The data controller maintains a record of incidents of unauthorized access to personal data in order to monitor measures related to the data security incident and inform data subjects . The register must contain the following information :

  • the scope of the relevant personal data ;
  • • circle and number of interested parties ;
  • • date of the incident related to unauthorized access to personal data ;
  • • circumstances and consequences of an incident with unauthorized access to personal data ;
  • measures taken to resolve an incident with unauthorized access to personal data .

The data contained in the register must be retained by the Data Controller for a period of 5 years from the date of detection of unauthorized access to personal data .

11. Relationships with clients

If the client has any comments , questions or problems with the management of the Consultant’s data or when using his services , he can contact him using the contact details on the Website.

12. Links to other websites

This site contains links to other providers that are not covered by this privacy statement. When a client leaves a Consultant’s website, it is recommended that you carefully review the privacy policies of all relevant websites that collect personal information.

13. Other

The Consultant reserves the right to unilaterally amend this Privacy Information with notice to interested parties.
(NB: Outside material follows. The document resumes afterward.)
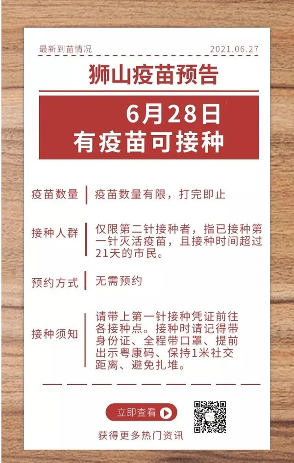 丹灶镇6月28日有苗,请已接种第一剂灭活疫苗且接种时间超过21天的市民,尽快到所属村(社区)或接种点现场预约接种!

The Consultant informs its clients that they may contact the Consultant to provide information, disclose data, or provide documents to an investigative body, the National Data Protection and Freedom of Information Authority, or other bodies authorized by law.

14. Rules of procedure

The controller must provide, delete, and correct personal data information within 30 days. If the Controller does not comply with such a request from the data subject, it must notify the reasons for the refusal in writing within 30 days.